→ **DATA PROVIDED**
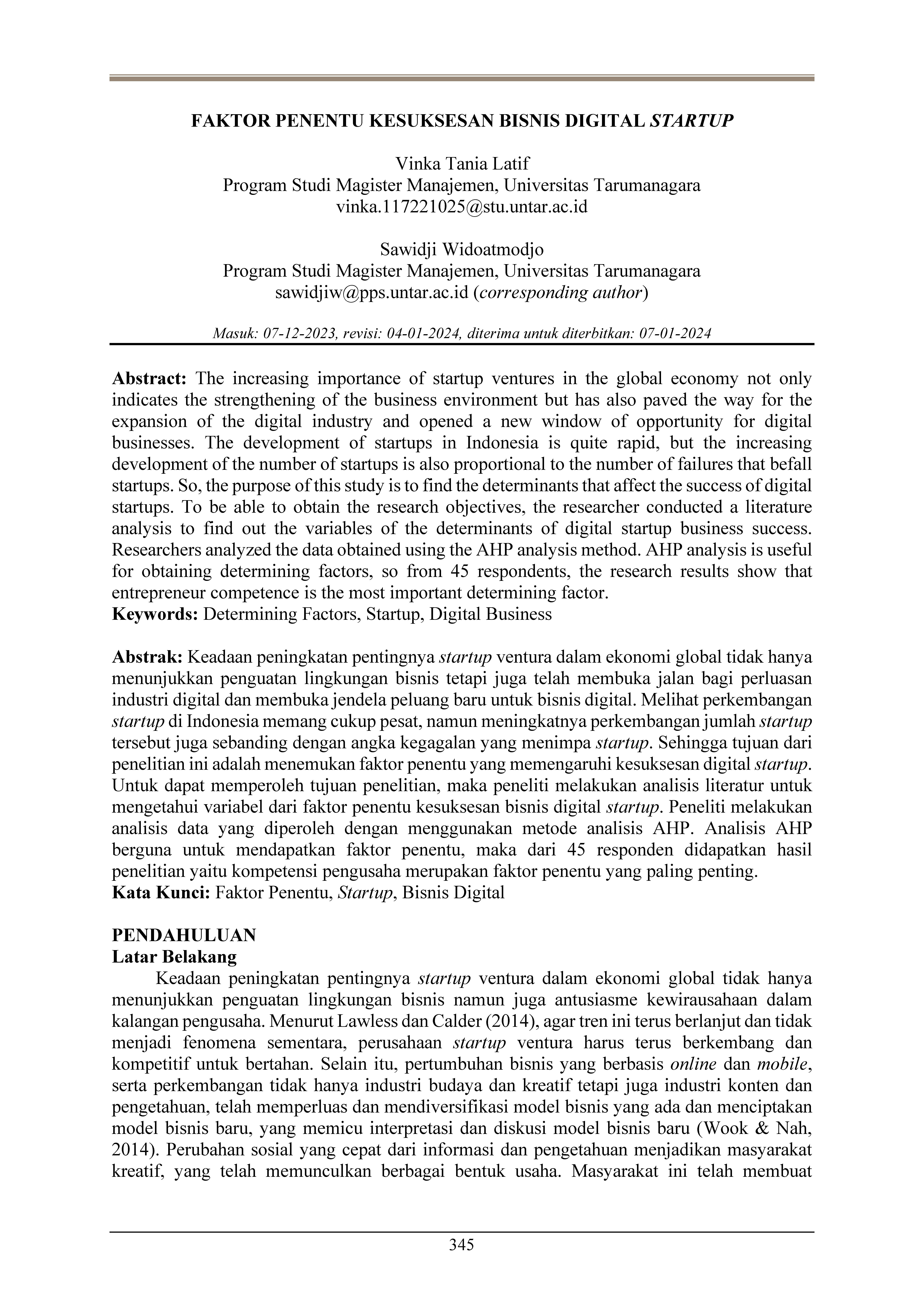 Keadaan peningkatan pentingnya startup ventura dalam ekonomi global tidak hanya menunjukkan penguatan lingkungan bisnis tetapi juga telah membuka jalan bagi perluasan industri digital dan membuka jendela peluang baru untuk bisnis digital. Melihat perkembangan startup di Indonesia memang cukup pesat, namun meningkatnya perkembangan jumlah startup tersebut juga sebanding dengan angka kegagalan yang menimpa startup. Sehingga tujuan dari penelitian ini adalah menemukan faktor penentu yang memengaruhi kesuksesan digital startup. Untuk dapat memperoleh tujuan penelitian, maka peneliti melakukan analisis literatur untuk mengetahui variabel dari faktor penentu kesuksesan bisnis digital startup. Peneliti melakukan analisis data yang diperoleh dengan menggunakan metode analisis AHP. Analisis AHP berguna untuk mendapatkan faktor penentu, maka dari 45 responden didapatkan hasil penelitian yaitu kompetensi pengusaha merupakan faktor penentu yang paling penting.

* * *

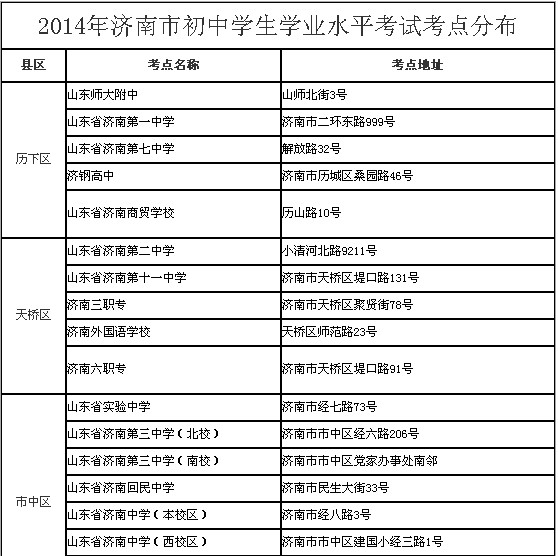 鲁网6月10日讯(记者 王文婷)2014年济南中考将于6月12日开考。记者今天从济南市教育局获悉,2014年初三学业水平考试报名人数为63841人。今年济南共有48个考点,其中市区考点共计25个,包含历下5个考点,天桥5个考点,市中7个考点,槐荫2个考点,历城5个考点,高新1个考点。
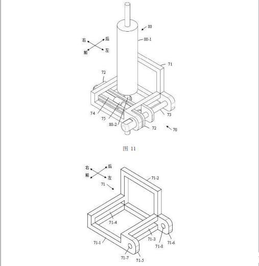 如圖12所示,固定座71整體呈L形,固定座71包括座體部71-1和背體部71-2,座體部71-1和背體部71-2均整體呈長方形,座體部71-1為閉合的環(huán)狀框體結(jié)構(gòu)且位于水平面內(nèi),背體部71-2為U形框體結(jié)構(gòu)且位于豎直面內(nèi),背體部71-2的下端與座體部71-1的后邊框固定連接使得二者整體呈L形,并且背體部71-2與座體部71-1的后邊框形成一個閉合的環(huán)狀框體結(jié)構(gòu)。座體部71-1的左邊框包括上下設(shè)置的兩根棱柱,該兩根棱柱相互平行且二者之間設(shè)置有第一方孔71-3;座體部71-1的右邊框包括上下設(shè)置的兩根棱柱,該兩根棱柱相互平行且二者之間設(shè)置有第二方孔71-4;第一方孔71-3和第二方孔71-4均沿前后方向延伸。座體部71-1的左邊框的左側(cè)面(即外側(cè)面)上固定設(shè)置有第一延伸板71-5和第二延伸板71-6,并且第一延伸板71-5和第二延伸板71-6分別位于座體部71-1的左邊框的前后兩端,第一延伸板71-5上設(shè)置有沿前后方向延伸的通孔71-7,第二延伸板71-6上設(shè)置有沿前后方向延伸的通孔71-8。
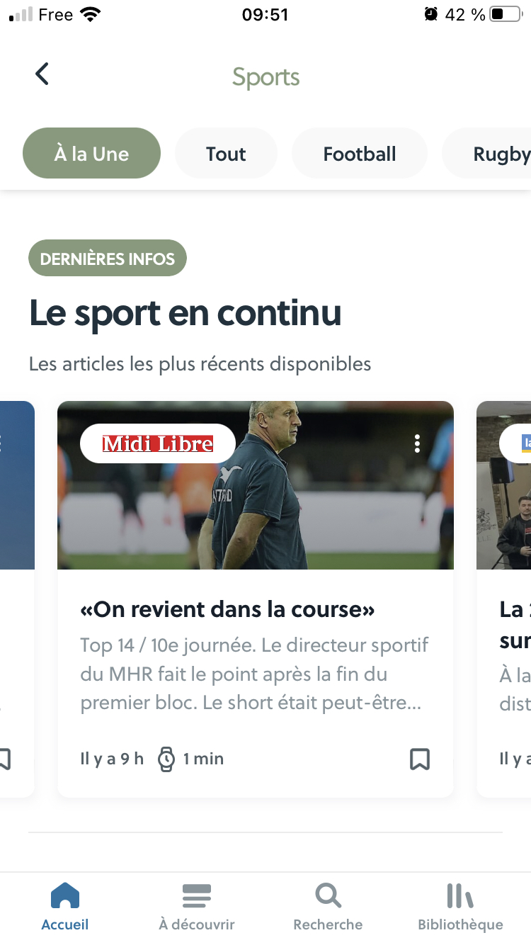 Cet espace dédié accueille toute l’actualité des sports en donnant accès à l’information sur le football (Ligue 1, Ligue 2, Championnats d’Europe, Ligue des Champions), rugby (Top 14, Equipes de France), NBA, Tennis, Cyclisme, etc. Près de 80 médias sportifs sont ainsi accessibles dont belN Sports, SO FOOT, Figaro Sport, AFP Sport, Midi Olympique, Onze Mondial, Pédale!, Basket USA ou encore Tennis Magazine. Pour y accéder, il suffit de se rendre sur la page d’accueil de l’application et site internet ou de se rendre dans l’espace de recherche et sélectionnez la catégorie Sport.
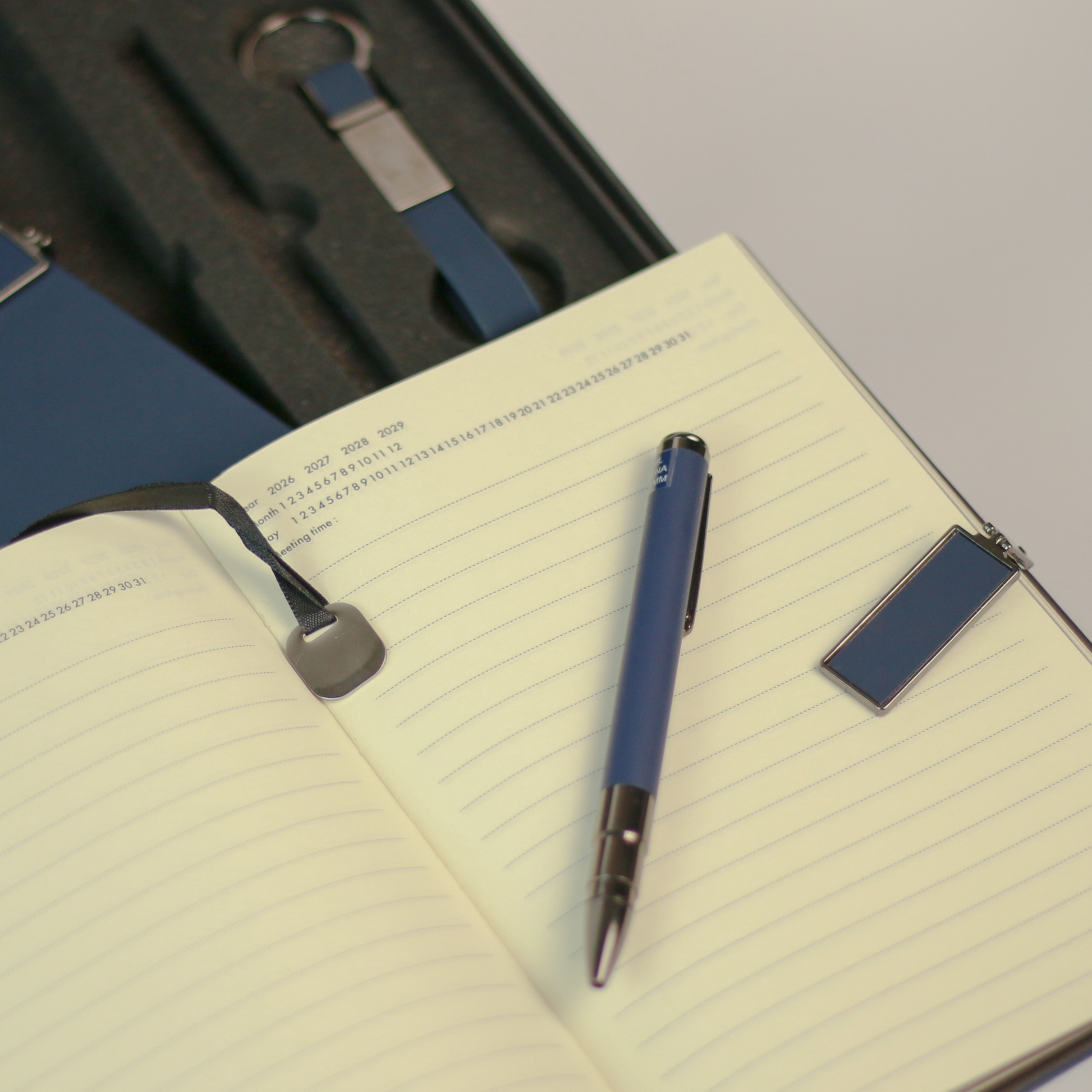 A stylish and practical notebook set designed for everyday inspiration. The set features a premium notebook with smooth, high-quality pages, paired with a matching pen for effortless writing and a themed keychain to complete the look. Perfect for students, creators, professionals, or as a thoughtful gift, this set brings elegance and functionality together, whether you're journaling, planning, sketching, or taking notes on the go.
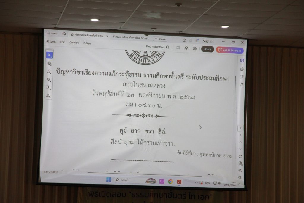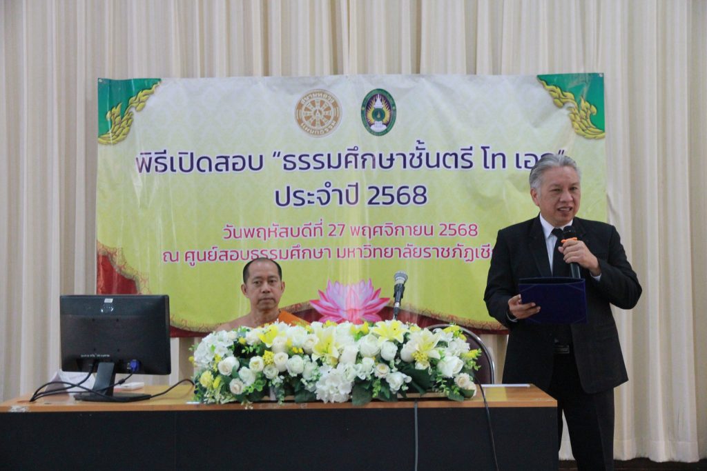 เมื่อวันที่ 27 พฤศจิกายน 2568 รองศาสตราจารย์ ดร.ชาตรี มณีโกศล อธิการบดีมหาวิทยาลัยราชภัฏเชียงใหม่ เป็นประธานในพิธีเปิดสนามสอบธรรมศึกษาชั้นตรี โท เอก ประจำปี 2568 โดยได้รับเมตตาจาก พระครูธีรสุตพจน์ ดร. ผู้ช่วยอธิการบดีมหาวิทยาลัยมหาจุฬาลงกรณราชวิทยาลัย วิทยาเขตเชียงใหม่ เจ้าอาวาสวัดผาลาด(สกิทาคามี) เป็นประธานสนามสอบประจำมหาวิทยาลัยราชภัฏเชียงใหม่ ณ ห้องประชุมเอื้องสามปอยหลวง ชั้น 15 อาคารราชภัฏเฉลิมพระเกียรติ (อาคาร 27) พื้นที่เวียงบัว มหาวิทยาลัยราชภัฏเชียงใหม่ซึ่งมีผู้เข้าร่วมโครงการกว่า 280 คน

→ **TASK DIRECTIONS**
The line holding "A stylish and" starts the copy and the line holding "เมื่อวันที่ 27 พฤศจิกายน" ends it. Repeat those two lines above and all between them exactly, leaving out pictures.

→ **EXERCISE RESPONSE**
 A stylish and practical notebook set designed for everyday inspiration. The set features a premium notebook with smooth, high-quality pages, paired with a matching pen for effortless writing and a themed keychain to complete the look. Perfect for students, creators, professionals, or as a thoughtful gift, this set brings elegance and functionality together, whether you're journaling, planning, sketching, or taking notes on the go.
 เมื่อวันที่ 27 พฤศจิกายน 2568 รองศาสตราจารย์ ดร.ชาตรี มณีโกศล อธิการบดีมหาวิทยาลัยราชภัฏเชียงใหม่ เป็นประธานในพิธีเปิดสนามสอบธรรมศึกษาชั้นตรี โท เอก ประจำปี 2568 โดยได้รับเมตตาจาก พระครูธีรสุตพจน์ ดร. ผู้ช่วยอธิการบดีมหาวิทยาลัยมหาจุฬาลงกรณราชวิทยาลัย วิทยาเขตเชียงใหม่ เจ้าอาวาสวัดผาลาด(สกิทาคามี) เป็นประธานสนามสอบประจำมหาวิทยาลัยราชภัฏเชียงใหม่ ณ ห้องประชุมเอื้องสามปอยหลวง ชั้น 15 อาคารราชภัฏเฉลิมพระเกียรติ (อาคาร 27) พื้นที่เวียงบัว มหาวิทยาลัยราชภัฏเชียงใหม่ซึ่งมีผู้เข้าร่วมโครงการกว่า 280 คน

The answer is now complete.